Description and simulation of physics of Resistive Plate Chambers

TL;DR

This paper presents a comprehensive, multi-threaded Monte Carlo simulation model for Resistive Plate Chambers (RPCs), accurately capturing key physical processes to improve detector development and performance prediction.

Contribution

It introduces a full, fast, and multi-threaded Monte Carlo model for RPC physics based on the Riegler-Lippmann-Veenhof model, utilizing existing libraries for enhanced simulation accuracy.

Findings

Provides a detailed simulation of ionisation, electron drift, and signal induction in RPCs.

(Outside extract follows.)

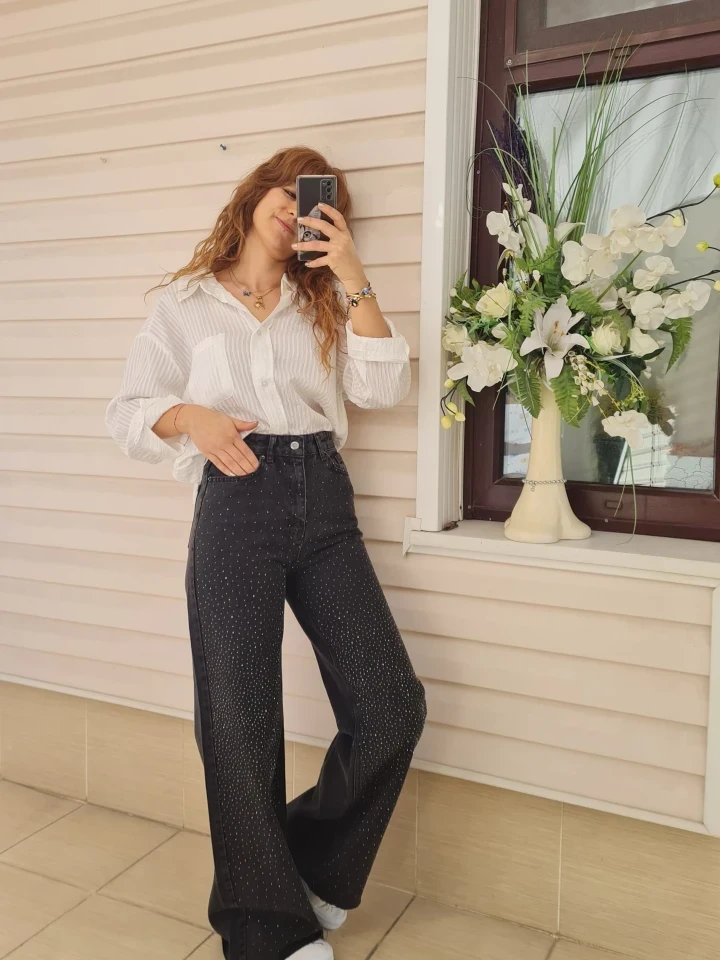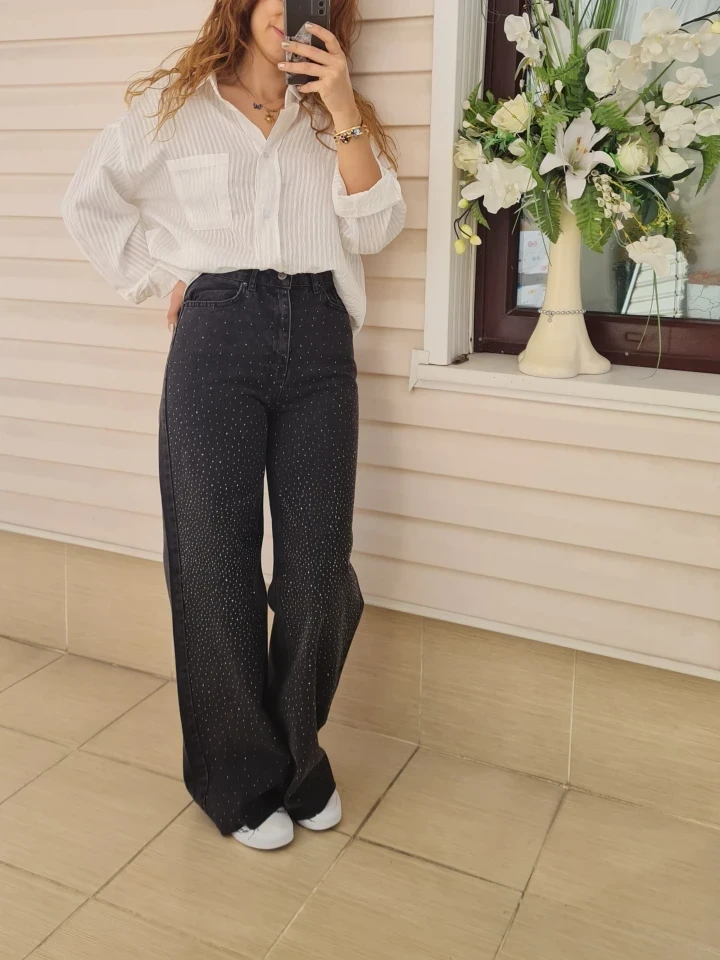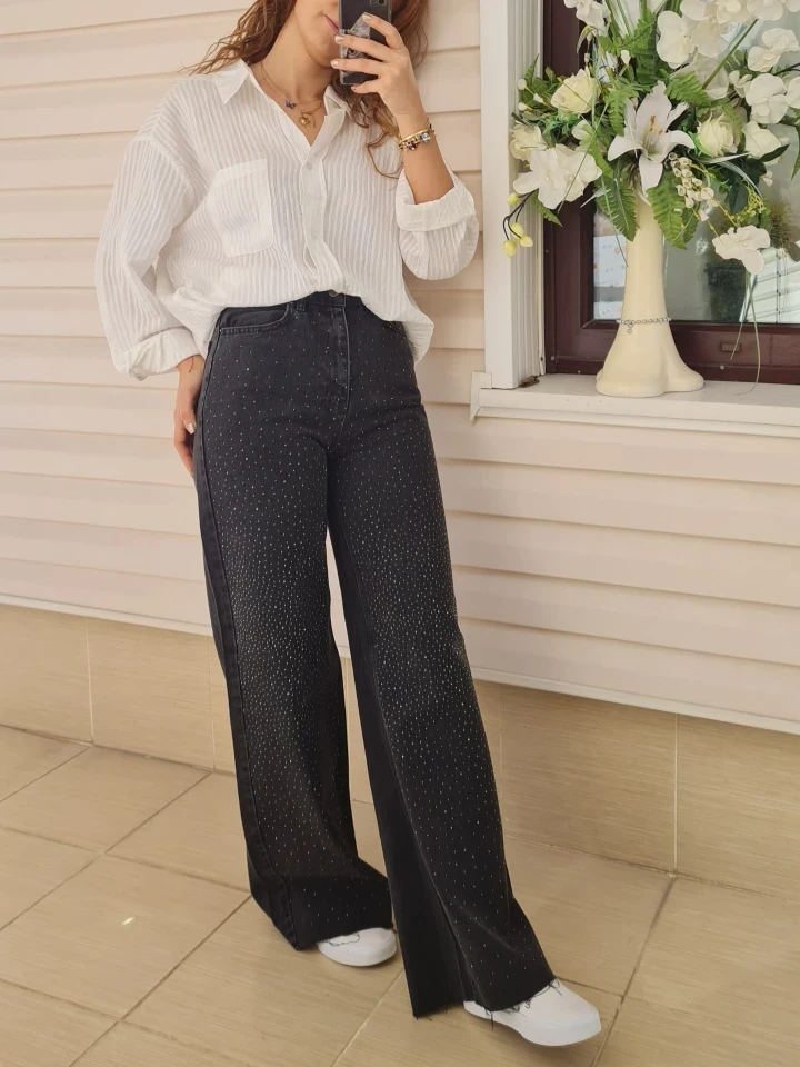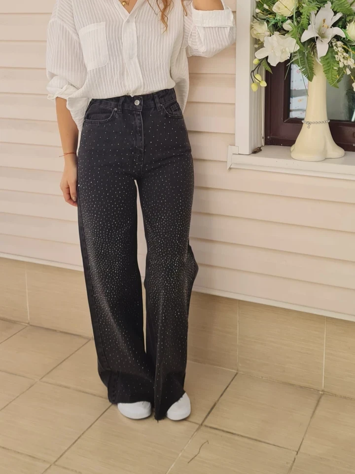 Taşlı Plazo Kot, rahatlığın en şık hali.

Uses existing frameworks like Garfield++ for reliable and efficient modeling.

Lays groundwork for future RPC simulation improvements.

Abstract

Monte-Carlo simulation of physical processes is an important tool for detector development as it allows to predict signal pulse amplitude and timing, time resolution, efficiency ... Yet despite the fact they are very common, full simulations for RPC-like detector are not widespread and often incomplete. They are often based on mathematical distributions that are not suited for this particular modelisation and over-simplify or neglect some important physical processes. We describe the main physical processes occurring inside a RPC when a charged particle goes through (ionisation, electron drift and multiplication, signal induction ...) through the Riegler-Lippmann-Veenhof model together with a still-in-development simulation. This is a full, fast and multi-threaded Monte-Carlo modelisation of the main physical processes using existing and well tested libraries and framework (such as the Garfield++ framework and the GNU Scientific Library). It is developed in the hope to be a basic ground for future RPC simulation developments.